The team was hosted by members of the Rotary Club of Madison West Towne-Middleton and St. Thomas Aquinas Parish. In all, more than 30 people participated in hosting, transporting, and otherwise caring for this unique cultural and educational experience. This year four themes were developed that organizers felt would be beneficial. They were child care models, educational models, health care and agriculture. Some of the places visited included Considine farm, St. Ambrose Academy, Edgewood Campus School, Boys and Girls Club, Goodwill Industries, Big Brothers/Big Sisters, Hospice, UW Children’s Hospital, Schoenstatt Sisters Convent and Motherhouse, Olbrich Gardens, the Capitol, Farmers Market and more. In addition, several Rotarians and parishioners hosted the visitors for meals, with others providing housing.
The biggest challenge for all of those involved was learning that the Sisters spoke very little English. Rotarians, who had visited Mgolole last fall, were confident we had an English speaker in Sister Mamertha. What no one expected was the arrival of a different Sister Mamertha than the one known to our team. With a bit of scrambling, Mooseheart was able to find a Swahili speaker on their campus. We found six Swahili speakers in Madison, thanks to the African Studies Department at the University of Wisconsin, Edgewood College and a St. Thomas parishioner that knew someone. As a result, the experience was a good one for all concerned, and we found new friends in the very delightful people that served as our translators. When it was learned that Mooseheart’s training budget was being depleted by the need to get a substitute family teacher for the Swahili speaker, St. Thomas Aquinas graciously offered to pay the $1000 in additional expenses incurred by Mooseheart, while also spending another $450 in stipends for translators and other expenses.
Gregorio Arratea Castro, director of the Santa Teresita Orphanage in Tingo Maria, Peru, arrived at Mooseheart as a guest of Mooseheart and the Madison West Towne- Middleton Rotary Foundation’s Orphan Train Project on July 23, 2006. His experience was similar to the nuns’ this year. We mention his visit in this report because it was in the same Rotary year.

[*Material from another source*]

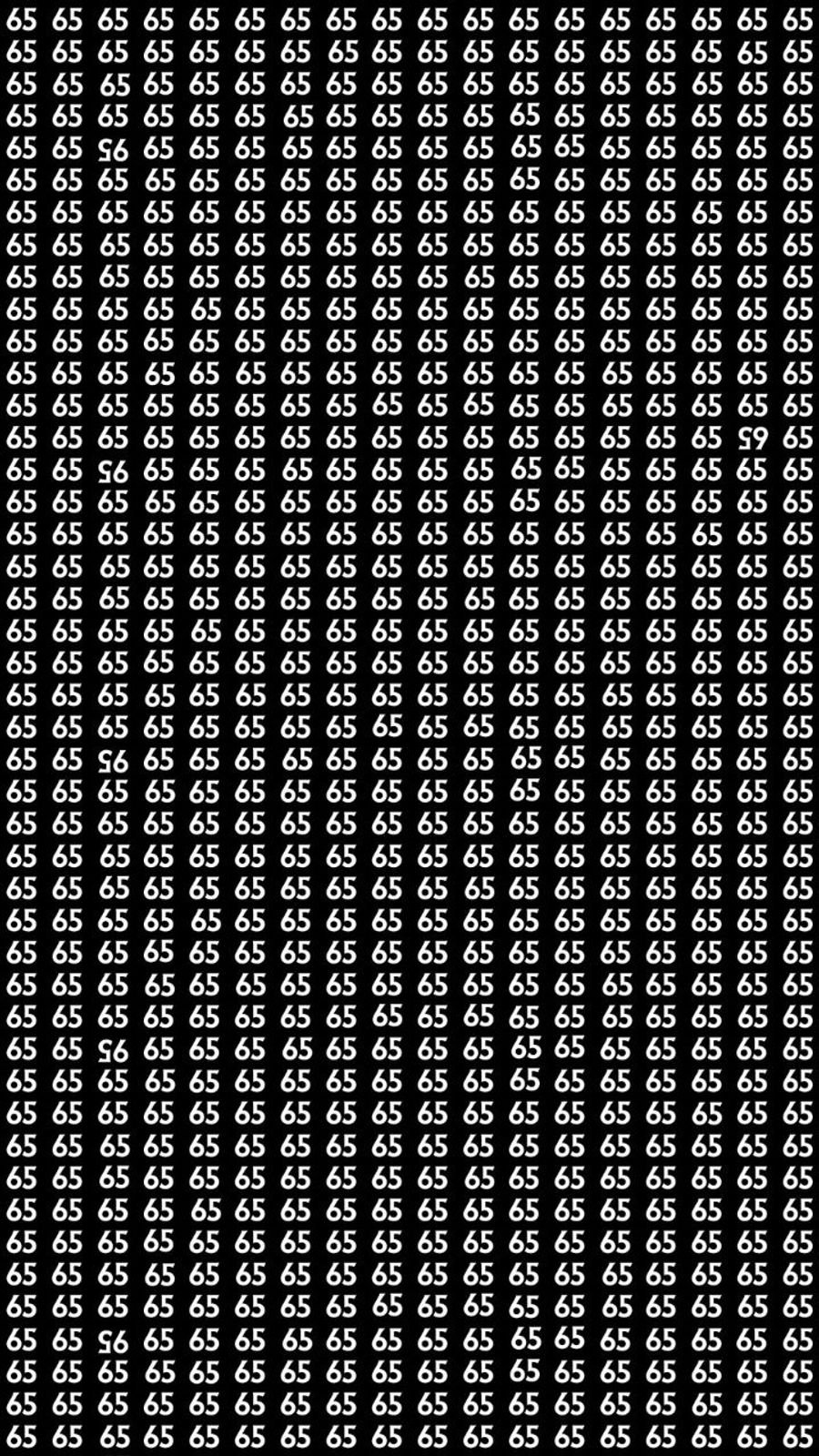 इस इमेज में आपको ढेर सारे 65 दिखाई देंगे। लेकिन इनके बीच चालाकी से छिपाए गए हैं उल्टे 65 और 95।

Last fall Rotarians Jeannine Desautels (Madison West Towne-Middleton) and Cora Holloway (Middleton Area Sunrise and St. Thomas Aquinas Parishioner) along with Jeannine’s husband Ed traveled to Tanzania, where the team spent one month working at the Moglole Orphanage, while staying at the Tanzanian Institute (a college-seminary), where our intermediary Father Bernard Witek is the rector. This was not easy work. The women, in particular, spent many hours changing diapers and feeding children. They came back with many ideas and suggestions on improving conditions, all of which are being worked on by St. Thomas Aquinas. Since the Rotary-St. Thomas team has been there, the parish has provided mosquito netting for all the babies (saving them from Malaria), paid for AIDS testing (finding two children with the problem), purchased many books, paid for a regular supply of milk and other food items, hired two seminarians to work at the orphanage, etc., etc. One of the difficulties, our team observed, is that the Sisters who operate the orphanage, in many cases, don’t have the educational background that orphanage leaders in other countries have shown.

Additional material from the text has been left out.